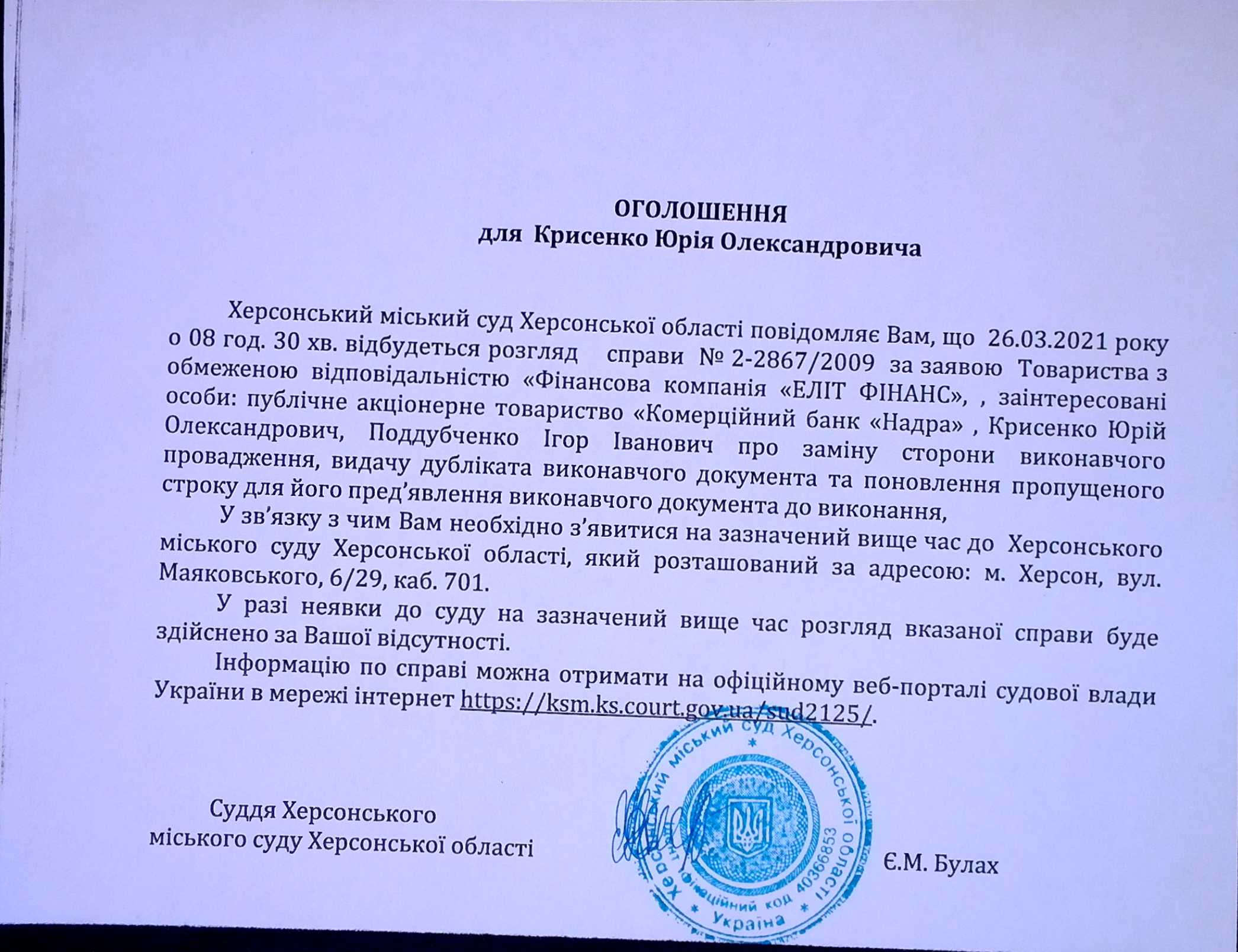 ОГОЛОШЕННЯ для Крисенко Юрія Олександровича
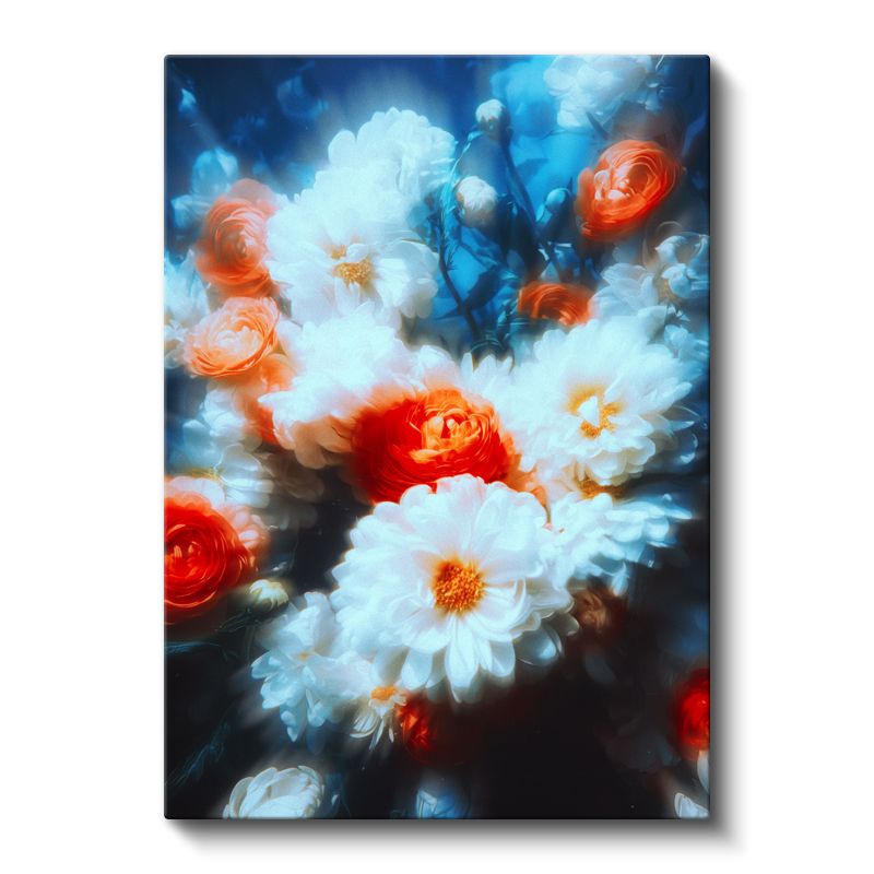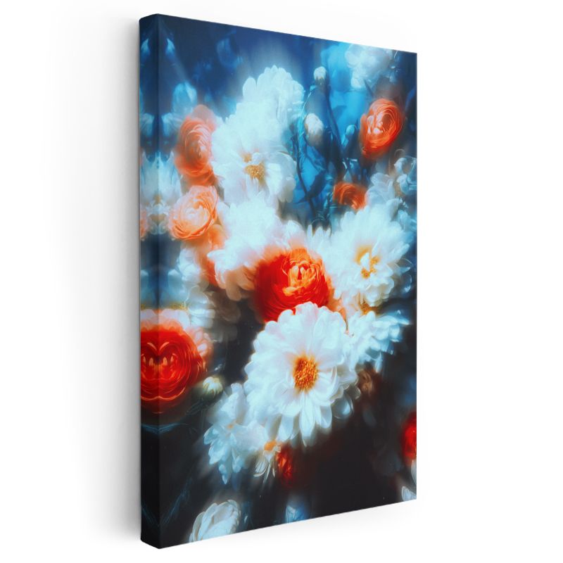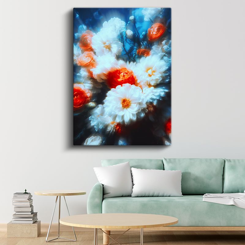 Beyaz Papatyalar - Mavi Fonda Turuncu Detaylı Buket Kanvas Tablo
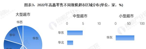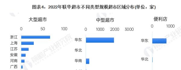 以行业领先的超市品牌为例分析,高鑫零售主要以大型超市业态为主,联华超市主要以中型超市业态为主。截至2022年财年中期,高鑫零售大型超市主要分布于华东和华南地区,分别有大卖场185家和98家。公司大型和中型超市大约7%位于一线城市,16.5%位于二线城市,47.2%位于三线城市,21.4%位于四线城市,7.8%位于五线城市。2022年,联华中型超市累计共2268家,其中有85.76%的超市分布于华东地区。
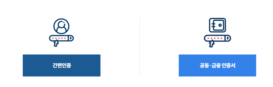 처음 로그인 시 인증서 로그인을 하지 않았다면 간편 인증 또는 인증서로 로그인을 해주세요
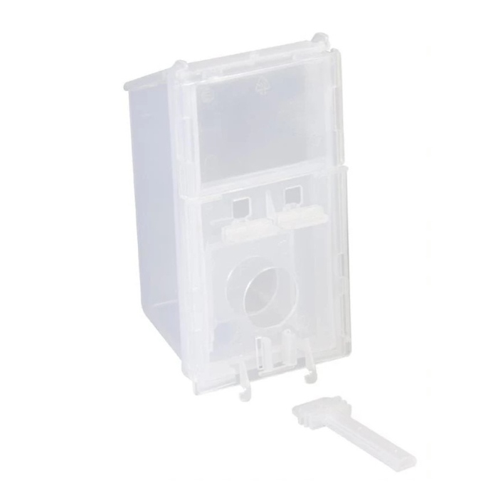 2GR hranilica za volijere je PVC hranilica zatvorena za volijere dimenzija 8x7x16 cm.
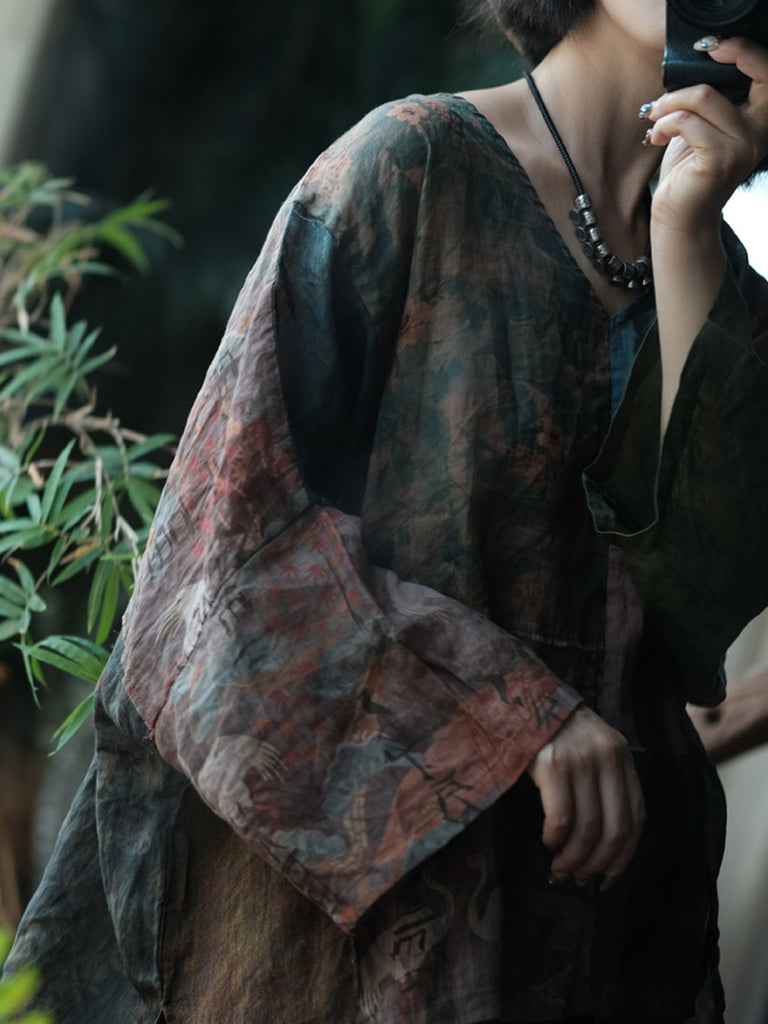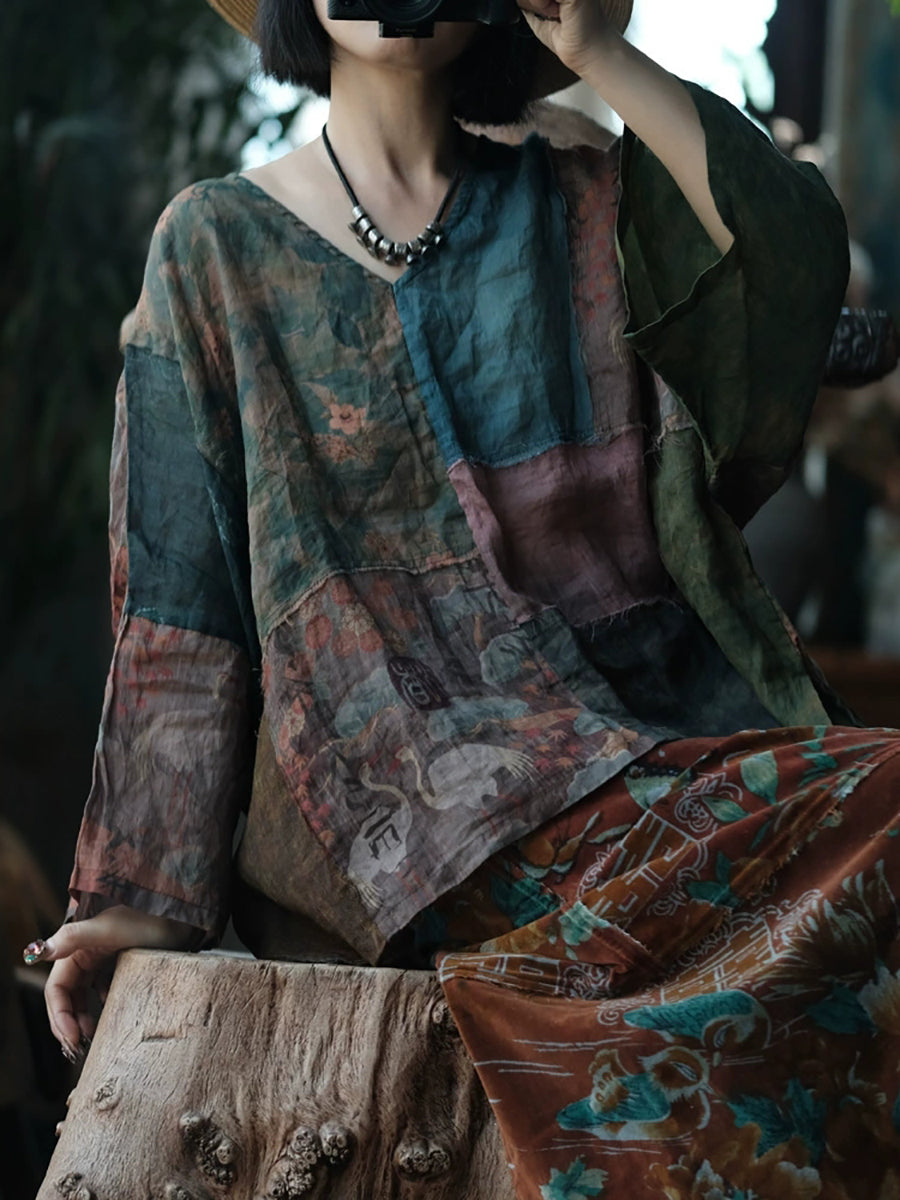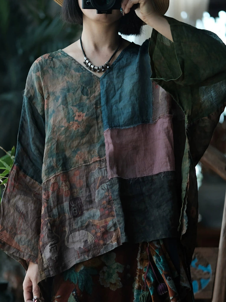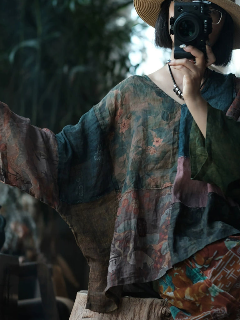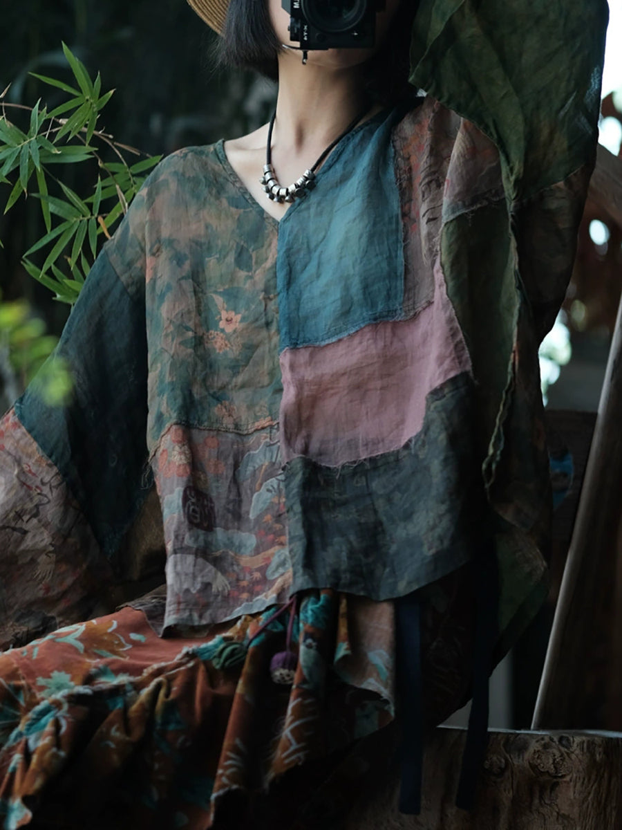 Camisa de ramio con patchwork de flores vintage de verano para mujer
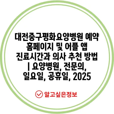 대전중구평화요양병원 예약 홈페이지 및 어플 앱 진료시간과 의사 추천 방법 | 요양병원, 전문의, 일요일, 공휴일, 2025
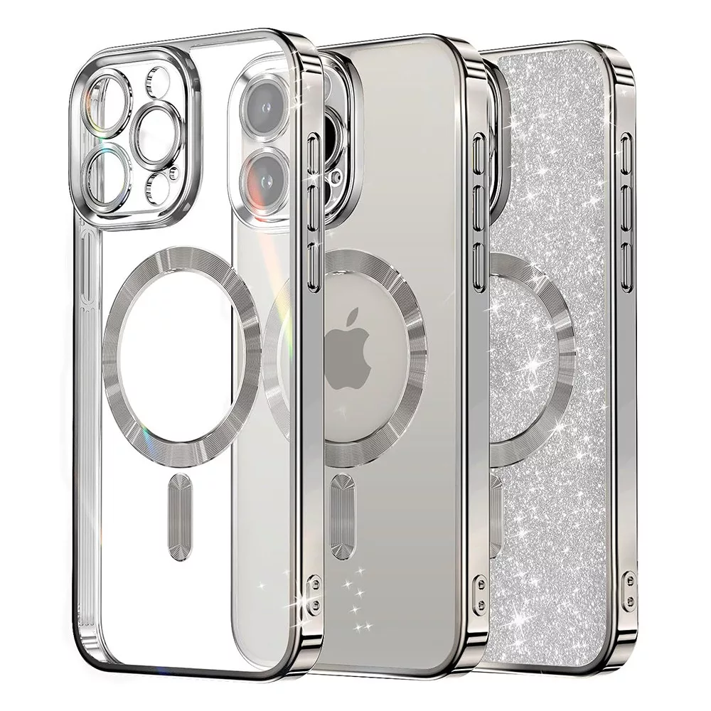 iPhone14 Pro - Hátlap tok MagSafe - ezüst - Techsuit Luxury Glitter
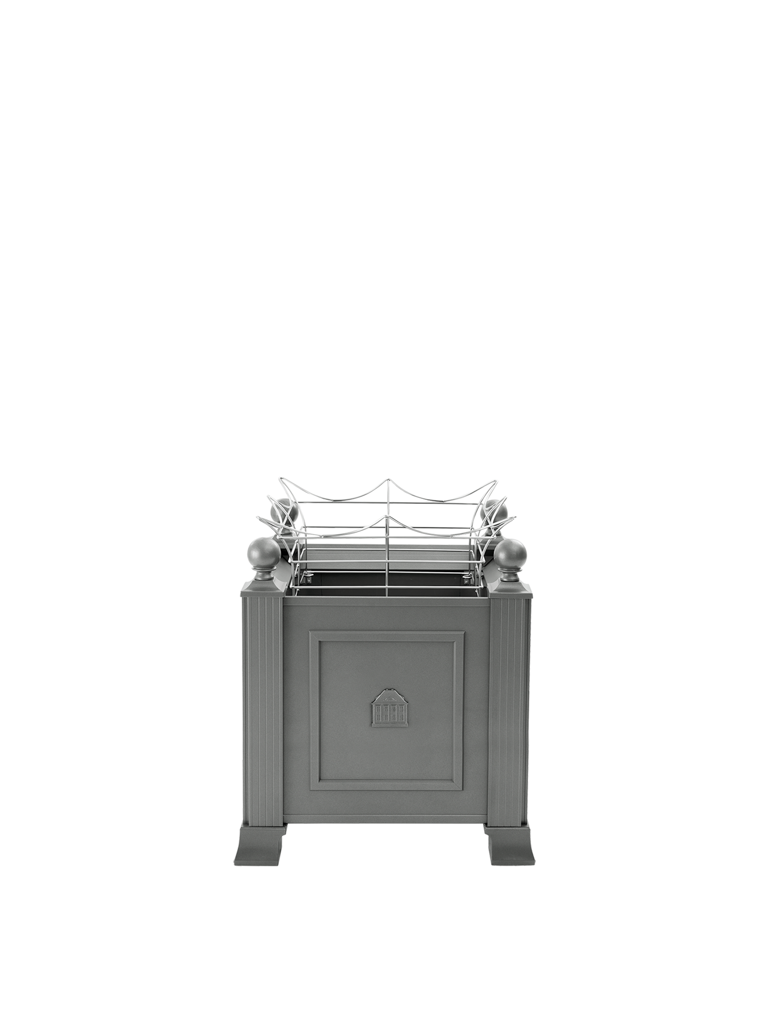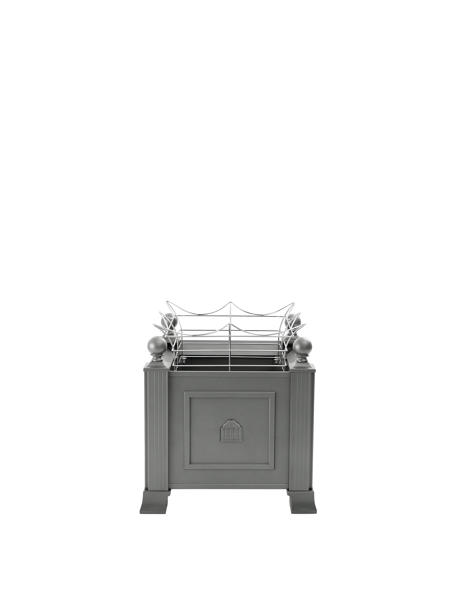Das niedrige Rankgitter aus elektropoliertem Rundedelstahl gibt breitwüchsig aufstrebenden Pflanzen Halt und Stabilität. Sein sanft geschwungenes Design fügt sich dezent in die Gestaltung ein. Das Rankgitter wird von innen an den vier Ecken der Kübel befestigt.

--- The problem ---
Up to and including the line that holds "2GR hranilica za", restate word for word each line of the records from their start, and only those lines, leaving out the pictures.

--- Answer space ---
 ОГОЛОШЕННЯ для Крисенко Юрія Олександровича
 Beyaz Papatyalar - Mavi Fonda Turuncu Detaylı Buket Kanvas Tablo
 以行业领先的超市品牌为例分析,高鑫零售主要以大型超市业态为主,联华超市主要以中型超市业态为主。截至2022年财年中期,高鑫零售大型超市主要分布于华东和华南地区,分别有大卖场185家和98家。公司大型和中型超市大约7%位于一线城市,16.5%位于二线城市,47.2%位于三线城市,21.4%位于四线城市,7.8%位于五线城市。2022年,联华中型超市累计共2268家,其中有85.76%的超市分布于华东地区。
 처음 로그인 시 인증서 로그인을 하지 않았다면 간편 인증 또는 인증서로 로그인을 해주세요
 2GR hranilica za volijere je PVC hranilica zatvorena za volijere dimenzija 8x7x16 cm.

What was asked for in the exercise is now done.